MODEL_ID = "EricB/Llama-3.2-11B-Vision-Instruct-UQFF"

and

which=Which.VisionPlain(
    model_id=MODEL_ID,
    arch=VisionArchitecture.VLlama,
    from_uqff="llama3.2-vision-instruct-q4k.uqff"
),

❯ python llama_vision_v2.py 2024-10-28T19:33:51.245838Z INFO mistralrs_core::pipeline::vision: Loadingtokenizer.jsonatEricB/Llama-3.2-11B-Vision-Instruct-UQFF 2024-10-28T19:33:51.246011Z INFO mistralrs_core::pipeline::vision: Loadingconfig.jsonatEricB/Llama-3.2-11B-Vision-Instruct-UQFF 2024-10-28T19:33:51.543602Z INFO mistralrs_core::pipeline::paths: Found model weight filenames ["residual.safetensors"] 2024-10-28T19:33:51.684169Z INFO mistralrs_core::pipeline::vision: Loadinggeneration_config.jsonatEricB/Llama-3.2-11B-Vision-Instruct-UQFF 2024-10-28T19:33:51.800356Z INFO mistralrs_core::pipeline::vision: Loadingpreprocessor_config.jsonatEricB/Llama-3.2-11B-Vision-Instruct-UQFF 2024-10-28T19:33:51.912937Z INFO mistralrs_core::pipeline::vision: Loadingtokenizer_config.jsonatEricB/Llama-3.2-11B-Vision-Instruct-UQFF 2024-10-28T19:35:54.736120Z INFO mistralrs_core::pipeline::vision: Loading modelEricB/Llama-3.2-11B-Vision-Instruct-UQFFon metal[4294968663]. 2024-10-28T19:35:54.736198Z INFO mistralrs_core::pipeline::vision: Model config: MLlamaConfig { vision_config: MLlamaVisionConfig { hidden_size: 1280, hidden_act: Gelu, num_hidden_layers: 32, num_global_layers: 8, num_attention_heads: 16, num_channels: 3, intermediate_size: 5120, vision_output_dim: 7680, image_size: 560, patch_size: 14, norm_eps: 1e-5, max_num_tiles: 4, intermediate_layers_indices: [3, 7, 15, 23, 30], supported_aspect_ratios: [(1, 1), (1, 2), (1, 3), (1, 4), (2, 1), (2, 2), (3, 1), (4, 1)] }, text_config: MLlamaTextConfig { rope_scaling: Some(MLlamaRopeScaling { rope_type: Llama3, factor: Some(8.0), original_max_position_embeddings: 8192, attention_factor: None, beta_fast: None, beta_slow: None, short_factor: None, long_factor: None, low_freq_factor: Some(1.0), high_freq_factor: Some(4.0) }), vocab_size: 128256, hidden_size: 4096, hidden_act: Silu, num_hidden_layers: 40, num_attention_heads: 32, num_key_value_heads: 8, intermediate_size: 14336, rope_theta: 500000.0, rms_norm_eps: 1e-5, max_position_embeddings: 131072, tie_word_embeddings: false, cross_attention_layers: [3, 8, 13, 18, 23, 28, 33, 38], use_flash_attn: false, quantization_config: None } } 2024-10-28T19:35:54.745491Z INFO mistralrs_core::utils::normal: DType selected is F16. Traceback (most recent call last): File "/Users/raistlin/mistral.rs/examples/python/llama_vision_v2.py", line 7, in <module> runner = Runner( ^^^^^^^ ValueError: Metal error Error while loading function: "Function 'cast_bf16_f16' does not exist"

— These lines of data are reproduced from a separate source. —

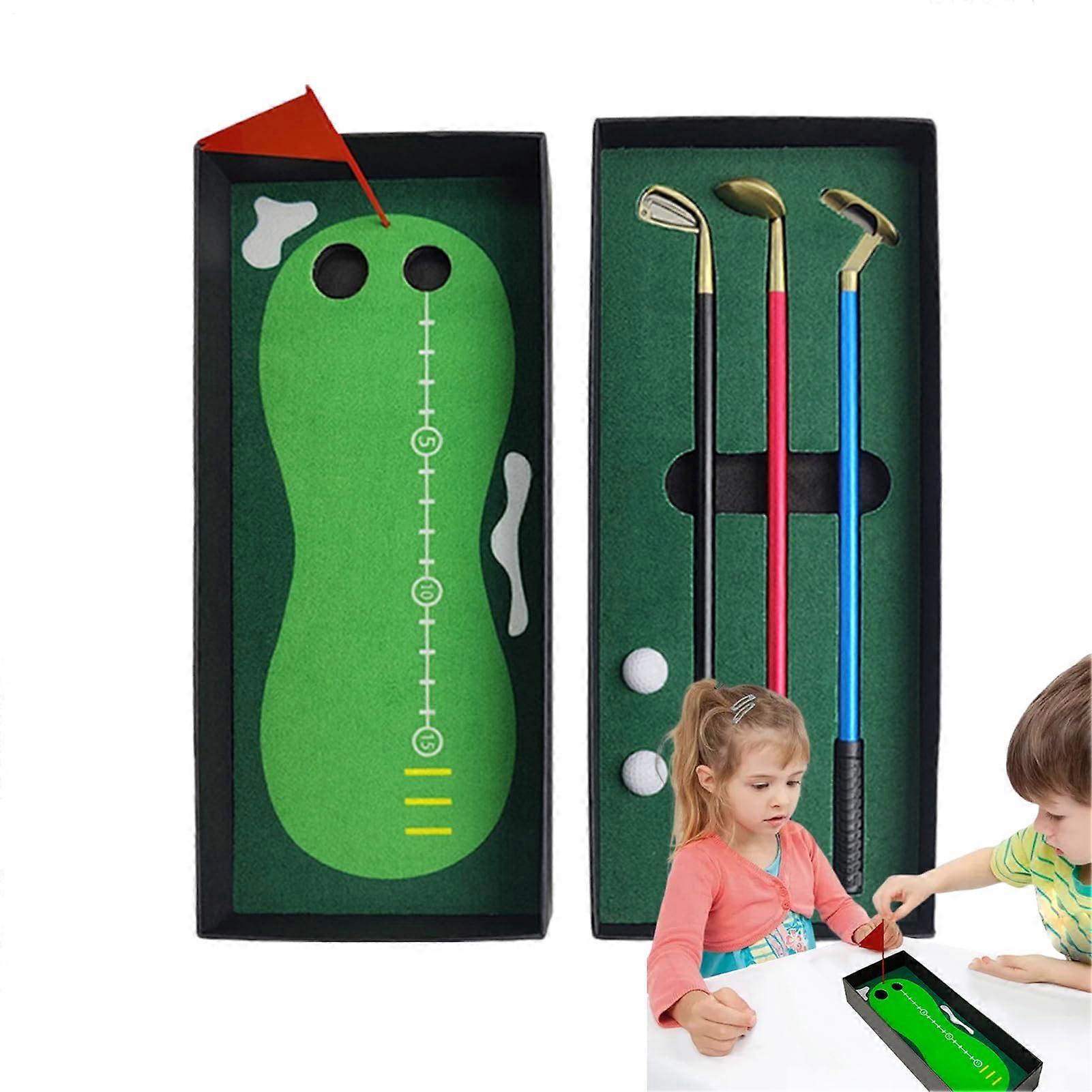 Golf Ballpoint Pens Desktop Golf Set With Portable Putting Green And Flag, 3 Club Pens And 2 Balls, For Dad Black
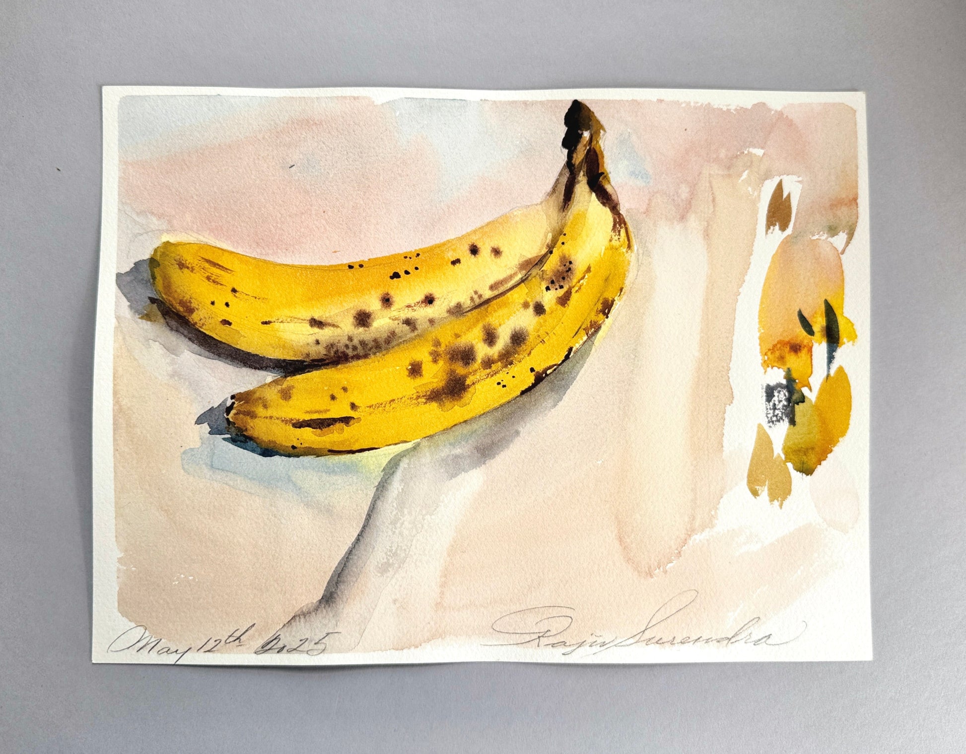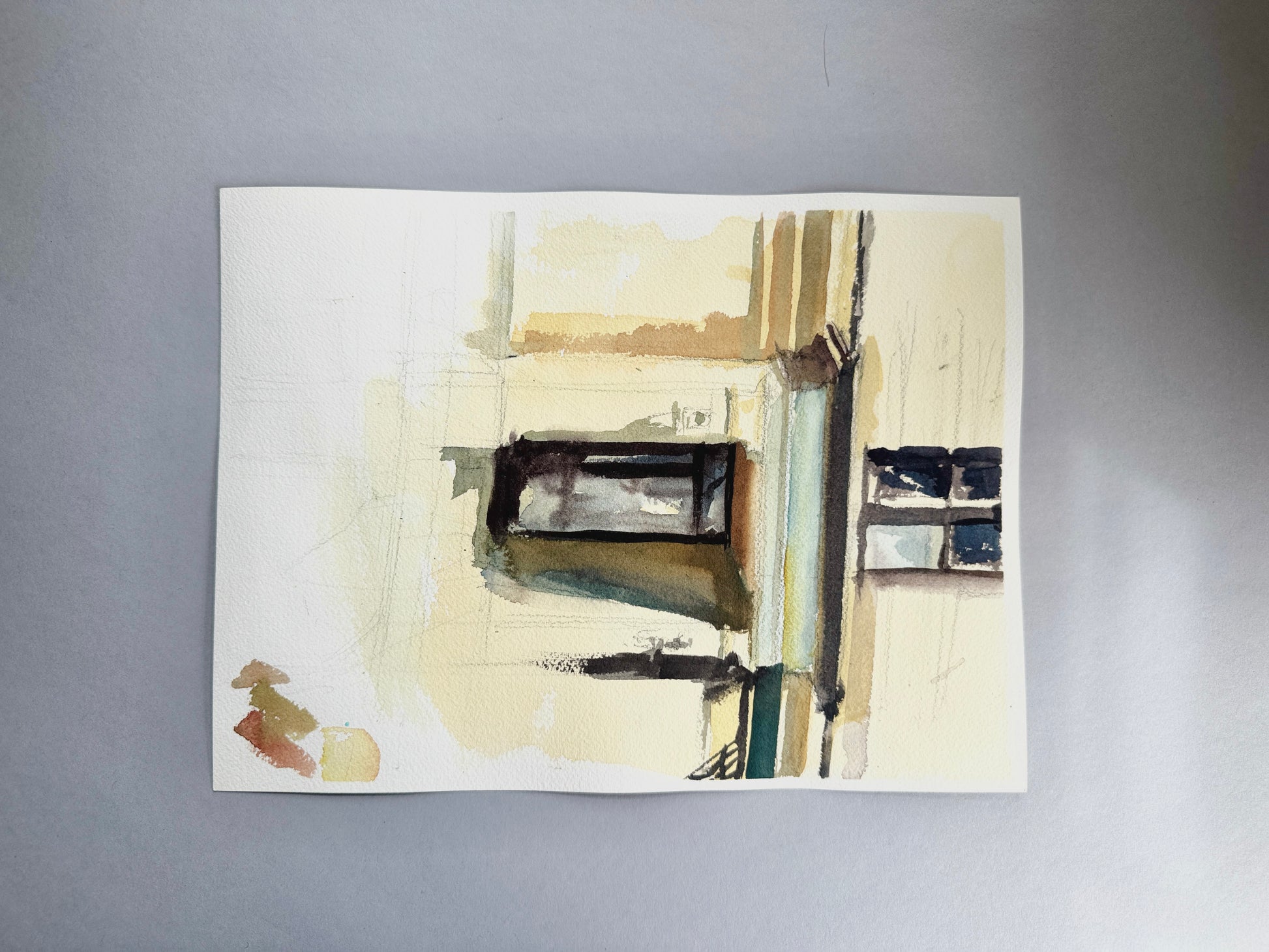 This was a very quick sketch I did of two ripening bananas. I have been painting this subject for a couple of months now, and usually do it slowly, attempting to capture minute details with the layering of watercolor washes. I've been noticing that as bananas ripen and the darker brown areas appear on the yellow skin, these circular 'dots' show up but with edges that are soft, bleeding gently into the yellow surrounding areas. For this study my focus was just those round spots and I wanted to experiment with painting them in a way that captured the feel of those soft edges, so I painted them 'wet-into-wet'. I quickly painted the yellow of the background and while this was still wet I added the brown dots. In areas where the yellow was very wet, the dots bled much more than the areas that were drying but still damp. This was a test to assess the level of bleed I wanted for those dots, which I them used for other paintings I did of bananas ripening. Everything beyond the brown dots in this study was loose because I moved on after figuring out what I wanted from the dots. The reverse of this study is an abandoned attempt at the facade of a building in the West Village.
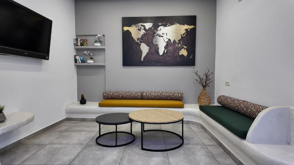 Местоположение: Хотелът се намира в сърцето на столицата Фира, на 100 метра от археологическия музий на Санторини и на 5 км. от летището.
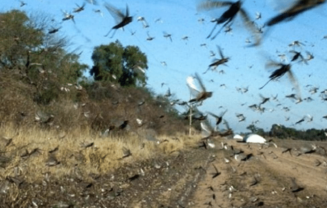 A lo lejos es solo una nube negra, pero de cerca son millones de langosta que viajan de país en…

EricLBuehler commented 1 week ago

@kinchahoy could you please let me know what your hardware (chip, memory, etc) is?

kinchahoy commented 1 week ago

OS: macOS Sequoia 15.1 arm64 Host: MacBook Air (M2, 2022) Kernel: Darwin 24.1.0 Display (Color LCD): 3420x2224 @ 60 Hz (as 1710x1112) in 14" [Built-in] CPU: Apple M2 (8) @ 3.50 GHz GPU: Apple M2 (10) @ 1.40 GHz [Integrated] Memory: 9.60 GiB / 16.00 GiB (60%) Swap: Disabled Disk (/): 255.10 GiB / 926.35 GiB (28%) - apfs [Read-only]

Thanks again for taking a look at this Eric!